For the retrospective study, recently published in the American Journal of Roentgenology, researchers compared PCD-CT myelography and EID-CT myelography for the detection of CVFs in 38 patients (mean age of 55) with spontaneous intracranial hypotension. The study authors also compared image quality, image noise and spinal nerve root discernibility of the two modalities.

Nerve root sleeve discernibility with PCD-CT myelography ranged between 8 to 54 percent higher than EID-CT myelography for three reviewing radiologists, according to the study findings. The researchers also found that sensitivity rates for PCD-CT myelography were 16 percent higher on average (58 percent) than EID-CT myelography (42 percent) with 7.3 lower specificity rates on average (91.3 percent vs. 98.7 percent).

Photon Counting CT May Facilitate Earlier Diagnosis of Spontaneous Intracranial Hypotension

Here one can see energy-integrating detector CT (EID-CT) myelography images (A and B) and photon-counting detector CT (PCD-CT) myelography (C and D) for a 57-year-old man with two years of symptoms for spontaneous intracranial hypotension (SIH). The PCD-CT images were obtained a year and a half after the EID-CT images. None of the three reviewing radiologists detected cerebrospinal fluid-venous fistula (CVF) with the EID-CT images but all three radiologists diagnosed the CVF on PCD-CT images. (Images courtesy of the American Journal of Roentgenology.)
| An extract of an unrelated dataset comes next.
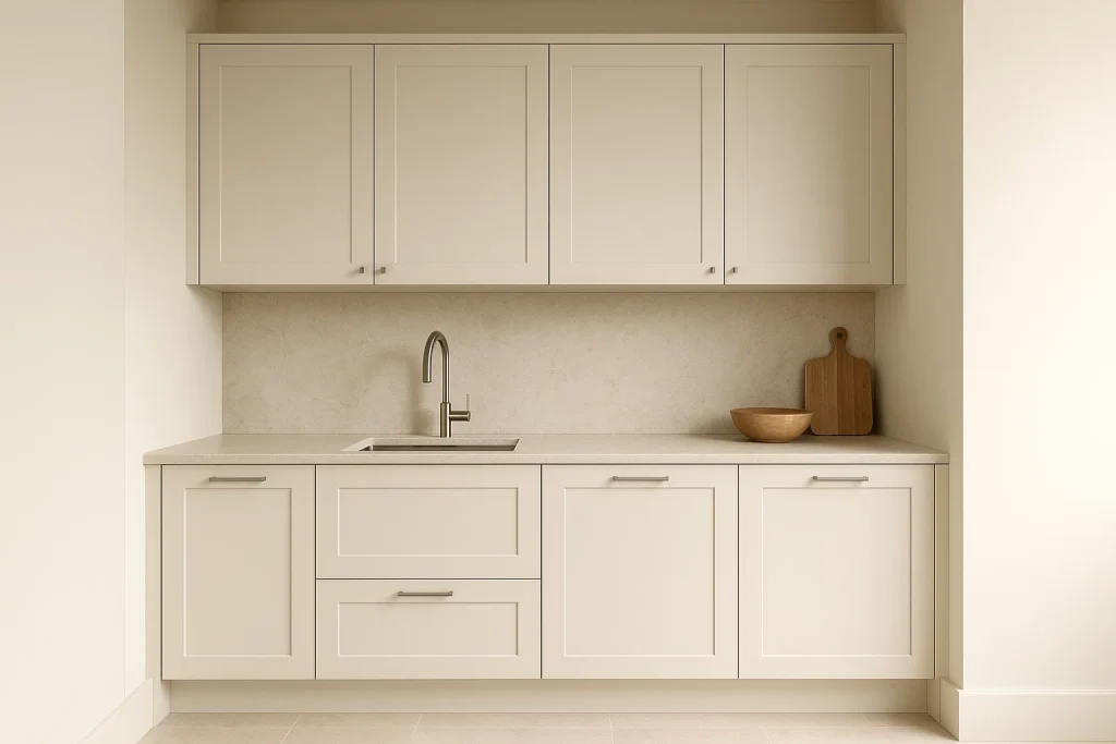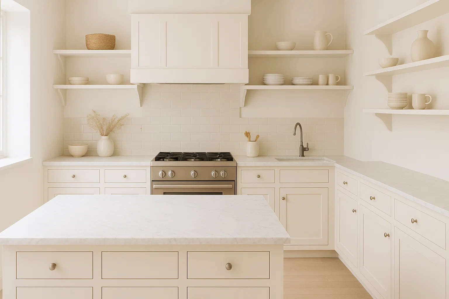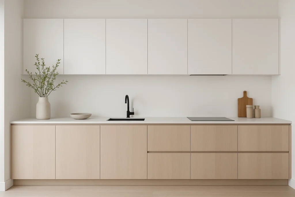 Yalnızca duvarlar değil, mutfak dolapları ve raflarda da açık renk tonları tercih etmek, mekanın daha geniş görünmesini sağlar. Beyaz, krem, açık gri ve pastel tonları, ışığı yansıtarak alanın daha ferah olmasına yardımcı olur. Açık renkler, mutfak eşyalarının daha düzenli görünmesini sağlayarak karışıklığı engeller.

Utilizing a scale of 0-100, the reviewing radiologists also perceived higher image quality with PCD-CT myelography (74.3 percent on average) in comparison to an average of 55 percent for EID-CT myelography.

“PCD-CT myelograms exhibited higher subjective discernibility of spinal nerve root sleeves and higher overall image quality for all three readers. In addition, all three readers showed significantly higher sensitivity for definite CVFs for PCD-CT myelograms than for EID-CT myelograms, without a significant difference in specificity or accuracy,” wrote Timothy J. Amrhein, M.D., an associate professor of radiology and director of the spine intervention service at Duke University Medical Center in Durham, N.C., and colleagues.

While the researchers acknowledged higher false positives for CVF among all three reviewing radiologists for PCD-CT myelography, they suggested the study’s reference standard criteria may have been a contributing factor, pointing out successful treatment for possible CVFs for most of the patient who had a PCD-CT myelogram.

“Regardless of this possibility, given the high morbidity during the challenging and potentially prolonged diagnostic workup for CVFs, increased sensitivity at the expense of potentially lower specificity may be warranted in this clinical context,” emphasized Amrhein and colleagues.

(Editor’s note: For related content, see “Emerging Concepts with ICM Reduction and Photon Counting for Coronary CT Angiography,” “Current Concepts with Advances in Photon-Counting Computed Tomography” and “Is Photon Counting CT a Better Option than Dual-Energy CT for Pulmonary Angiography?”)

Beyond the inherent limitations of a retrospective single-center study, the authors acknowledged the small cohort size and a long interval between EID-CT myelography and PCD-CT myelography in some of the cohort patients. The researchers also conceded a possible patient selection bias with the study’s focus on patients who had at least two myelograms to determine a possible cerebrospinal fluid (CSF) leak and noted a lack of universal acceptance for the definite CVF attenuation threshold (> 70 HU) utilized in the study.